If the trademark is registered with the U.S. Patent and Trademark Office, it is referred to as a registered mark. The first or most prominent mention of a PyLadies trademark should be immediately followed by a symbol for registered trademark: “®” or “(r)”. For example “PyLadies® …” This requirement is waived in all contexts where such marks are not normally included: email, online discussion, non-graphical advertisements (when permitted), and academic papers. We encourage the use of the symbol whenever possible, but recognize that many non-commercial and informal uses will omit it.
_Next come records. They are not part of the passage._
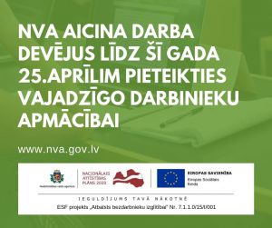Nodarbinātības valsts aģentūra (NVA) turpina pieņemt darba devēju pieteikumus vajadzīgo darbinieku apmācībai Eiropas Sociālā fonda (ESF) projekta “Atbalsts bezdarbnieku izglītībai” pasākumā „Apmācība pie darba devēja”. Tā ir bezdarbnieka praktiskā apmācība, kas ilgst 6 mēnešus: darba devējs pats sagatavo sev vajadzīgo speciālistu, saņemot no NVA dotāciju.
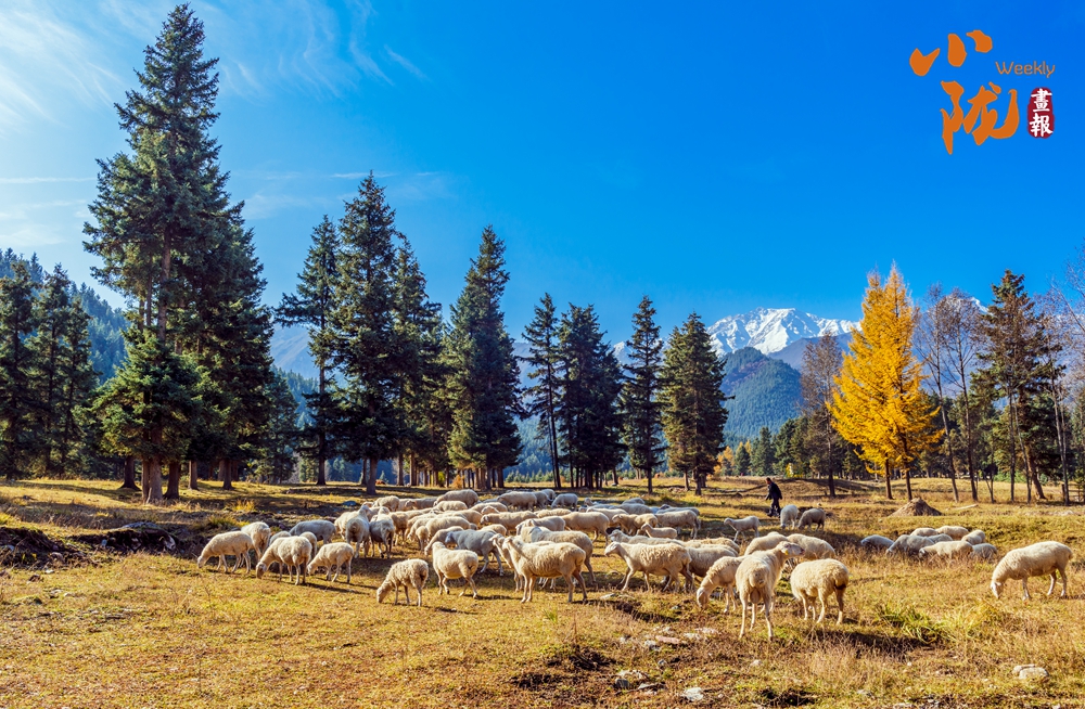 大地披上了金色的盛裝,悠然自得的羊群、五彩的樹木,與遠(yuǎn)處的雪山和湛藍(lán)的天空、潔白的云朵,共同繪制成一幅初冬最亮麗的風(fēng)景畫。
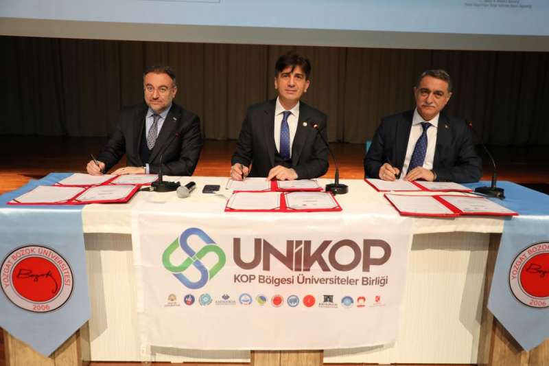 Yozgat Bozok Üniversitesi Rektörü Prof. Dr. Evren Yaşar, Kırşehir Ahi Evran Üniversitesi Rektörü Prof. Dr. Mustafa Kasım Karahocagil ve KOP Bölge Kalkınma İdaresi Başkanı Dr. Murat Karakoyunlu desteklenen projelerin protokol imzasını gerçekleştirdi.
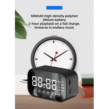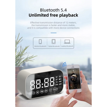 ZIKY adalah speaker Bluetooth portabel dengan jam alarm digital, slot TF dan radio FM. Ditenagai baterai lithium 500 mAh isi ulang dan port USB Type C untuk pengisian cepat. Desain mini ringan membuatnya praktis dibawa ke mana saja, cocok untuk musik, panggilan, dan alarm harian.
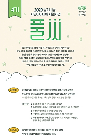 (재)숲과나눔이 시민 아이디어 지원사업 ‘풀씨’를 2월2일까지 공모한다. 환경·안전·보건 분야의 난제를 풀어나갈 아이디어가 주제다. 개인·단체 누구나 지원할 수 있다. 최대 50개 팀에 최대 300만원의 지원금을 준다. 우수 활동팀에는 스타트업 단계 최대 2천만원, 전국 확장 단계 최대 2억원의 추가지원도 한다. 숲과나눔 누리집(koreashe.org)에서 신청하면 된다.
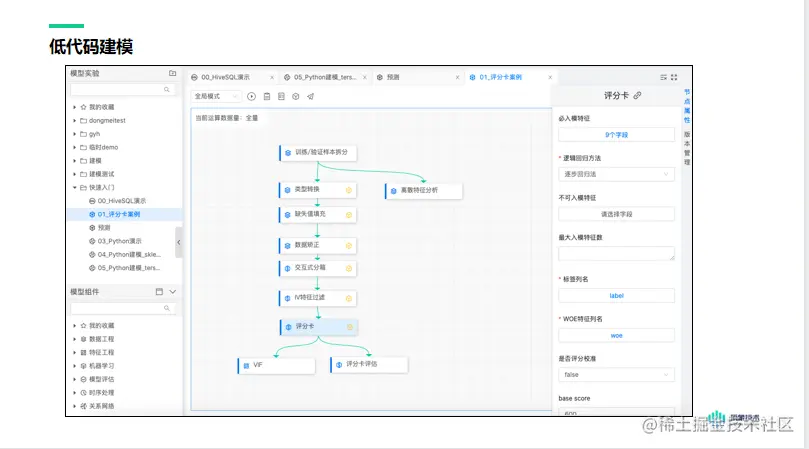 此外,建模平台构建在数据中台之上,最常用的建模工具有三种:SQL、Python、低代码 (低代码也可以说是 可视化或模块化建模)。
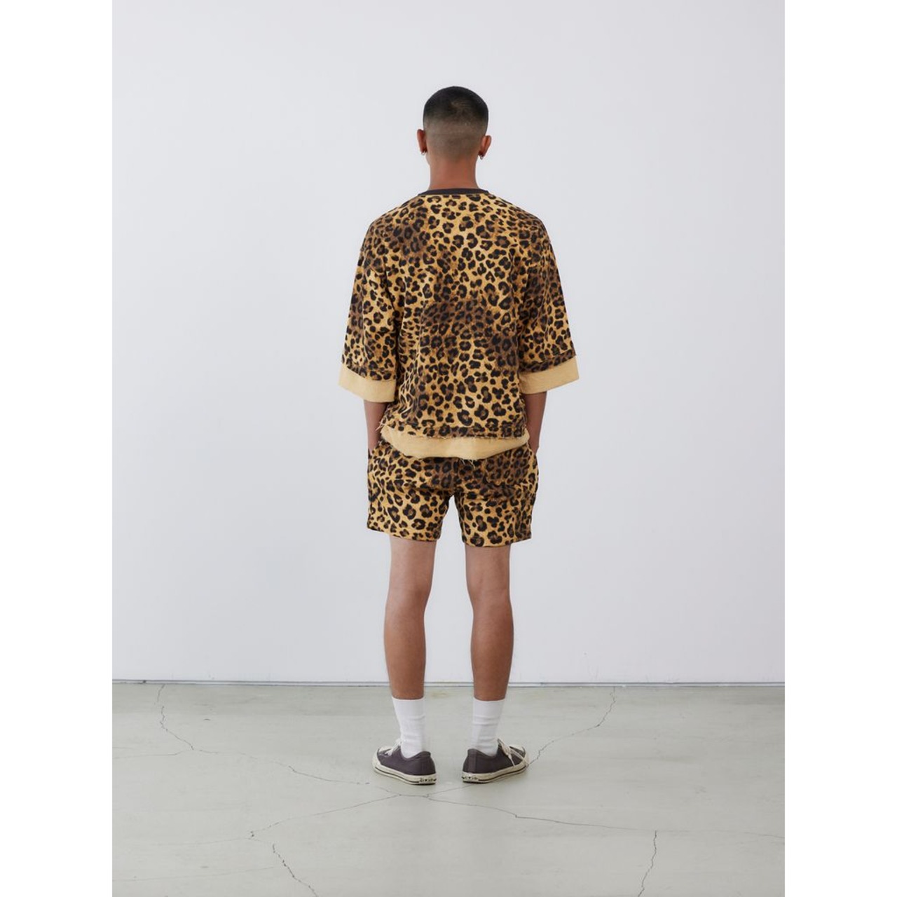 ショートレングスでミニマルなシルエットのスウェットショーツです。ミディアムオンス裏⽑にレオパードプリントを施した⽣地を使⽤しています。同⽣地のデザインスウェットシャツの展開があります。

The PyLadies logos are not currently registered. (We will post an update to this policy if they are registered later.) These logos should be used in the form provided by PyLadies, and should be accompanied by a symbol for unregistered trademarks: “(TM)” or a small TM “™”. This may not be removed or obscured and must always be included with the logo.
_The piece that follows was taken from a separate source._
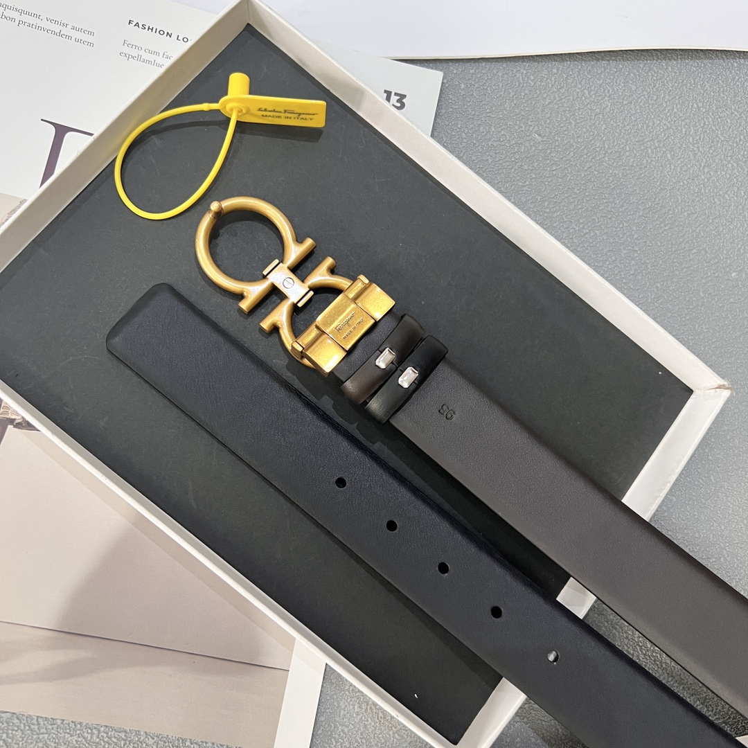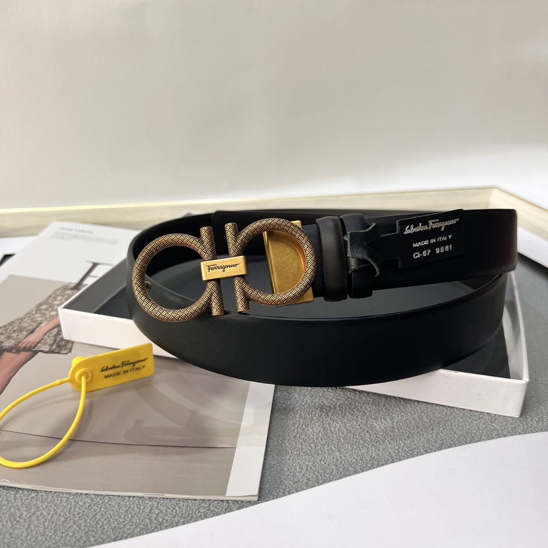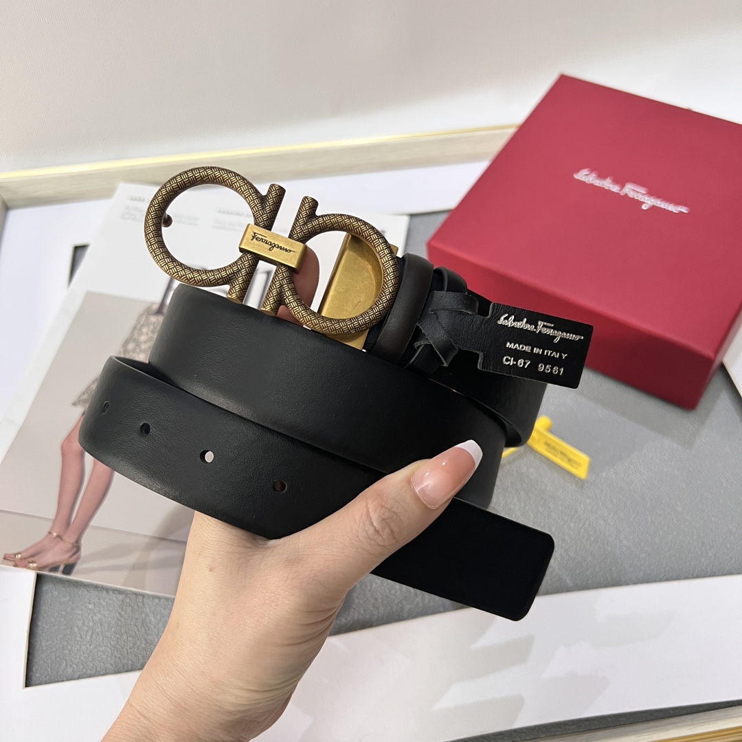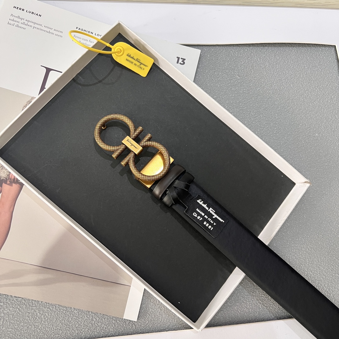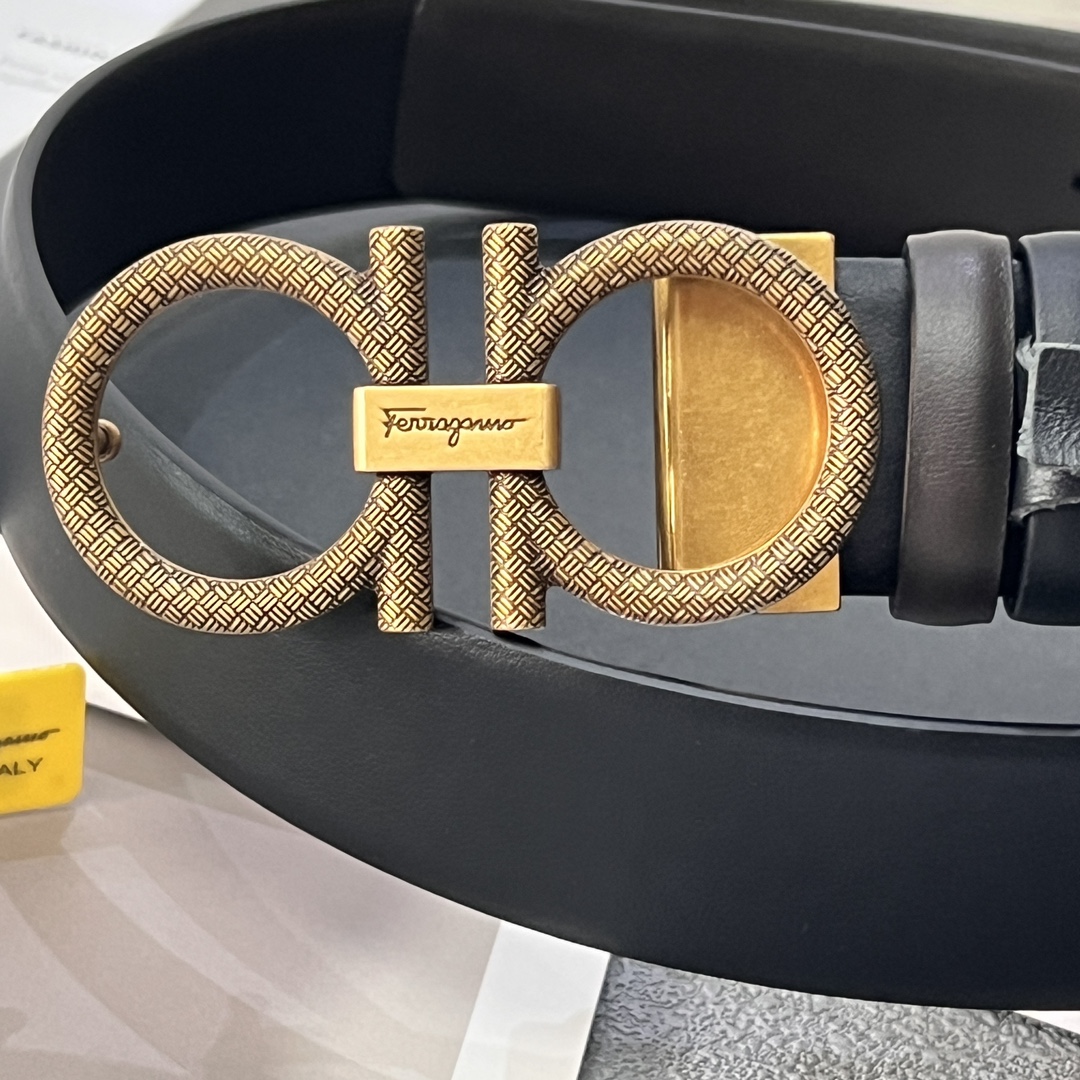 This belt has an elegant style, featuring a rectangular buckle adorned with a small Gancini. It is designed with two sides: one side is made of hammered texture material, while the other side is embossed with an all-over Gancini pattern, exuding a classic charm in a subtle way. The length is adjustable, achieving a tailored, slimming effect. 3.5 wide

Try to give the word “PyLadies” distinctive graphic treatment wherever possible. The trademark should be set apart from surrounding text by using ALLCAPS, italics, emphasized or underlined fonts.
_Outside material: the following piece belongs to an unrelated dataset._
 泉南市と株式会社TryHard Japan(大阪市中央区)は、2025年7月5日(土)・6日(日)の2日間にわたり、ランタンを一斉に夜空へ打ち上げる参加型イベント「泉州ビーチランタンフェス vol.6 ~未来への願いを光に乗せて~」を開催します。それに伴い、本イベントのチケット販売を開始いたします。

If the word “PyLadies” or the PyLadies logos are used in certain contexts, the following statement should accompany its use: “PyLadies” and the PyLadies logos are trademarks or registered trademarks of the PyLadies Software Foundation, used by ___________ with permission from the Python Software Foundation.
For websites and documentation this can be on a “legal statements” page. For brochures and published articles, this statement is optional. We encourage use of this statement, particularly for published materials, but recognize some non-commercial and informal uses will omit it.
Always use any trademark as an adjective only, with a capitalized “P” and capitalized “L”. For instance, it is correct to refer to the community as “PyLadies community” (adjective) but not pyladies (all lowercase), Pyladies (lowercase “L”), pyLadies (lowercase “P”), or “the PyLadies” (noun). Don’t use the trademark as a verb (“PyLadies your community today!”).
We have specific rules for the following uses:
Use of the word “PyLadies” in text, or as text in 3rd party logos and trademarks.
Use of one of the PyLadies-provided logo variants in unaltered form.
Use of a logo derived from the PyLadies logos. For example, use of a localized PyLadies geek girl.
Combined with different text, or with no text, or in combination with other graphic elements.
The following rules apply to the use of trademarks in each of these three classes.
The word “PyLadies”#
Use of the word “PyLadies” in the names of user groups like NYC PyLadies, PyLadies of San Francisco, PyLadies Remote, etc. – Allowed when referring to sponsoring, attending, or starting up a local group. For commercial products, contact PyLadies leadership for permission.
Use of the word “PyLadies” in company names – Allowed only by prior written permission from PyLadies leadership.
Use of the word “PyLadies” when distributing software as part of a freely distributed learning resource, like “PyLadies Kit” – Allowed when released under PyLadies accounts (e.g. GitHub or PyPI). Please ask for assistance with distribution. For commercial distributions, contact PyLadies leadership for permission if your use is not covered by the nominative use rules described in the section “Uses that Never Require Approval” above.
Use of the word “PyLadies” in the name of books, tutorial resources or publications like “PyLadies Tutorial Cookbook” and “PyLadies Beginner Resources” – Allowed if for PyLadies.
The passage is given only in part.